Виноватая улыбочка Матвеева все же тронула её. Она пожурила его ещё немного, скорее для порядка, чем со зла, и склонилась к заливающемуся горькими слезами царевичу:
– Ладно. Ужо будь по-вашему.
Пётр порывисто обнял мать.
– Удушишь! – с трудом вырвалась Наталья Кирилловна и с материнскою гордостью повернулась к стоявшим у порога ближним. – Эка силища у робёнка у малого!
Одетый спальниками, царевич сунулся было в сени, чтобы идти снова на двор, но мать решительно загородила дорогу.
– И в думках не держи, чтоб я ныне на хворь тебя отпустила. Пригож будешь и в терему.

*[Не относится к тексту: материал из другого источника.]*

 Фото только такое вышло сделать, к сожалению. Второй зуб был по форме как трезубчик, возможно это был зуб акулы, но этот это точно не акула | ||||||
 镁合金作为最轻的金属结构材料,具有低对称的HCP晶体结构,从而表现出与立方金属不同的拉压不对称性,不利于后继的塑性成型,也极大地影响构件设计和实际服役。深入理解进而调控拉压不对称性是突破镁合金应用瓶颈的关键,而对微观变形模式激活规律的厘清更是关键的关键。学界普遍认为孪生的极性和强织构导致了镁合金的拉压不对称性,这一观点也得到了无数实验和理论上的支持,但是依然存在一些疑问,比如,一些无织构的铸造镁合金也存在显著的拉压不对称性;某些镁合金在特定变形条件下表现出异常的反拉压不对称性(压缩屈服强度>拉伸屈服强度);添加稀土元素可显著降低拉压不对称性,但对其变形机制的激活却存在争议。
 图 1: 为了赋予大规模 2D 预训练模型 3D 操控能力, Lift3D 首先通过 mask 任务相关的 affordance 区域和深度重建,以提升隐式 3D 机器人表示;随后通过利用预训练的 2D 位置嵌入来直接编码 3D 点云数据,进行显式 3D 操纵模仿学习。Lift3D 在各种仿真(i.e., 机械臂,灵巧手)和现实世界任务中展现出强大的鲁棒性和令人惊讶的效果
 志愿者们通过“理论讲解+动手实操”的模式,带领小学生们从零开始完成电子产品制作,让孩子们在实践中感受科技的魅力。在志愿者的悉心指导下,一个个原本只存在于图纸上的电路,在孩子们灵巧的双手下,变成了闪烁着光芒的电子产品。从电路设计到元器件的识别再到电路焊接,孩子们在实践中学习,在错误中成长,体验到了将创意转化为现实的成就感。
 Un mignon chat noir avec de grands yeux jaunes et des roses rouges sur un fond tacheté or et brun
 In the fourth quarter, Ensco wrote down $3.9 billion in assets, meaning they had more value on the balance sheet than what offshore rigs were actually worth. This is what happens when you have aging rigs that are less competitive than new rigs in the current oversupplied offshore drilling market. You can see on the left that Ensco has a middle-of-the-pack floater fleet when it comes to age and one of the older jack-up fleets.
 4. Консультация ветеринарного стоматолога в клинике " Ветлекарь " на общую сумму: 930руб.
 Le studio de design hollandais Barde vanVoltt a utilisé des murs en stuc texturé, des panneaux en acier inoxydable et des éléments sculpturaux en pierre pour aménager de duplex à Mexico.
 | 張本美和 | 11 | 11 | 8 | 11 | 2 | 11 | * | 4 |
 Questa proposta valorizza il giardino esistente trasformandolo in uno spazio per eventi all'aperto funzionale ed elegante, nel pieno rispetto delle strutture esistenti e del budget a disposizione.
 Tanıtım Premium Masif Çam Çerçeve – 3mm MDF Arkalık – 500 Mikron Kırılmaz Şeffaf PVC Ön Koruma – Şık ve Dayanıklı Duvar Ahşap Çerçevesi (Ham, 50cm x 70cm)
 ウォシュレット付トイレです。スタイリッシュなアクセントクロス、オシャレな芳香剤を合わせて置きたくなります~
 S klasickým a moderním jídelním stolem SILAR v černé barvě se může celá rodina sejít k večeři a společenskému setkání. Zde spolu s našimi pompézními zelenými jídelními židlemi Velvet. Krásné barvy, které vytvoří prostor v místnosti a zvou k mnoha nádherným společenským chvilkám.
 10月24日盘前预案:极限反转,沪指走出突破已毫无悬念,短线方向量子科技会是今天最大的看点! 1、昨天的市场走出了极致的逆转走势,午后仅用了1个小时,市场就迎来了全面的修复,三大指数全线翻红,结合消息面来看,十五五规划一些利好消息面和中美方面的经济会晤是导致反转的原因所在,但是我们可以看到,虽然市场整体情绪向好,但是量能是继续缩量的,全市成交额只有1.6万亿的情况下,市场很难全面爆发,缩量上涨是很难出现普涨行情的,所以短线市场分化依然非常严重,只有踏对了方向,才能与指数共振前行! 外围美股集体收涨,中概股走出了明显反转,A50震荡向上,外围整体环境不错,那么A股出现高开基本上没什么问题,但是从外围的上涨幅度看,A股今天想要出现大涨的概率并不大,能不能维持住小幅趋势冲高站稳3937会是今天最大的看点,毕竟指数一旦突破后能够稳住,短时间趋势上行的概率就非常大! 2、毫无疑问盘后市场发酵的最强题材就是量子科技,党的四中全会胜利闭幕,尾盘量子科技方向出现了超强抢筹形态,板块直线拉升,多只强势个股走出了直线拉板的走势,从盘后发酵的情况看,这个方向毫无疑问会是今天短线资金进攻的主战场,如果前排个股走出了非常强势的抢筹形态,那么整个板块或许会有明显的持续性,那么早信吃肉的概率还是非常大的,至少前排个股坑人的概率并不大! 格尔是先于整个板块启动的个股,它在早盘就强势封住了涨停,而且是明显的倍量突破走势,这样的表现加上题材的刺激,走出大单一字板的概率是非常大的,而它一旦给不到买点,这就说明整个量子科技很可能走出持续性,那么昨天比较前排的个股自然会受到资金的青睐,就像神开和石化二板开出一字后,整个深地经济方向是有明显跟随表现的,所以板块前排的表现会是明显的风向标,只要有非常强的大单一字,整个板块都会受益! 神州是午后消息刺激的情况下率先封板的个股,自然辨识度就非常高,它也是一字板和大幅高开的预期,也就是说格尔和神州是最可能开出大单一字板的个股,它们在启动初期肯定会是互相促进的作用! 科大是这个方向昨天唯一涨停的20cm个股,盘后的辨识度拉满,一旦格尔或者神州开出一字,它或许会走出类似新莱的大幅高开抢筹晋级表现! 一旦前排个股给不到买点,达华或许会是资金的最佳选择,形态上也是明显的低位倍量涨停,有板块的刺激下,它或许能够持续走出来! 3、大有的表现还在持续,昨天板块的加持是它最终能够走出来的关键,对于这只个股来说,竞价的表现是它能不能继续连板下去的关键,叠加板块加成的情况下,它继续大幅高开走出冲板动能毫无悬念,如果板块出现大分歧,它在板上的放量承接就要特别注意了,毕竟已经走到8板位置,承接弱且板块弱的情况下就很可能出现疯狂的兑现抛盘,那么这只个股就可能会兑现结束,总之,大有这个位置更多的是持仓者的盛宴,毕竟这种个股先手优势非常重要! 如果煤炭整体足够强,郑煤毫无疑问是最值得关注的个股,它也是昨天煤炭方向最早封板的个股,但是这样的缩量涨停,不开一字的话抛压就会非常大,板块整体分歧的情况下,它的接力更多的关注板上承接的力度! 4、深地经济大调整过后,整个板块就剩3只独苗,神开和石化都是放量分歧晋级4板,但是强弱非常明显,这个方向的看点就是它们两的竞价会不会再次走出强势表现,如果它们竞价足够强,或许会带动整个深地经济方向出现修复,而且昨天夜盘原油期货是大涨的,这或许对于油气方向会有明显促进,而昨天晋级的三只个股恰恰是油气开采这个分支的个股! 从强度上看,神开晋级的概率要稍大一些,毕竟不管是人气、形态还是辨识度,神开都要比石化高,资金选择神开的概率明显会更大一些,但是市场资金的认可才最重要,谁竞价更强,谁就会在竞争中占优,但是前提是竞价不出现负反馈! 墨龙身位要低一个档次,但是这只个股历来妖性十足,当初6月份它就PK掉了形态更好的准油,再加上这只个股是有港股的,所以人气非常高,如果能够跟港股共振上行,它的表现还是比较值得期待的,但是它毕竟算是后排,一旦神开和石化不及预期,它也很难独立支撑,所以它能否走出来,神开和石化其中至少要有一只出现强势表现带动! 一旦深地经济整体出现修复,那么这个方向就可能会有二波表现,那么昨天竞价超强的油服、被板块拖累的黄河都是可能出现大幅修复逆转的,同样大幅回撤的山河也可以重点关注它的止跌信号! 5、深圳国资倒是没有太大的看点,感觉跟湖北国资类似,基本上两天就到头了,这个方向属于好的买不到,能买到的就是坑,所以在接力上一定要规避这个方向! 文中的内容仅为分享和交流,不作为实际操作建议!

Низкий теремок Петра полон «робятками». Расшалился царевич. Стонет под ним деревянный конь в богатом уборе позолоченными стременами и уздечкой, сияющей изумрудами. Поют стрелы, спущенные с посеребрённых луков, грозно развеваются пёстро расписанные знамёна, стучат, гулко бранятся, лязгают топорики, обушки, шестопёры[45], цымбальцы[46] исходят в развеселейшем переклике.
Но пуще общего гомона мелкая дробь, неугомонно сыплющаяся по всем углам хоромин и огромного усадебного двора.
То Пётр, закатив вдохновенно глаза, исступлённо бьёт в барабан.
Шагают роты, идут друг на друга, на лицах не детское увлечение забавой, а настоящая, неподдельная жажда ратного подвига. Ожесточённо мелькают крепко сжатые кулаки, ручьями льётся кровь из разбитых носов.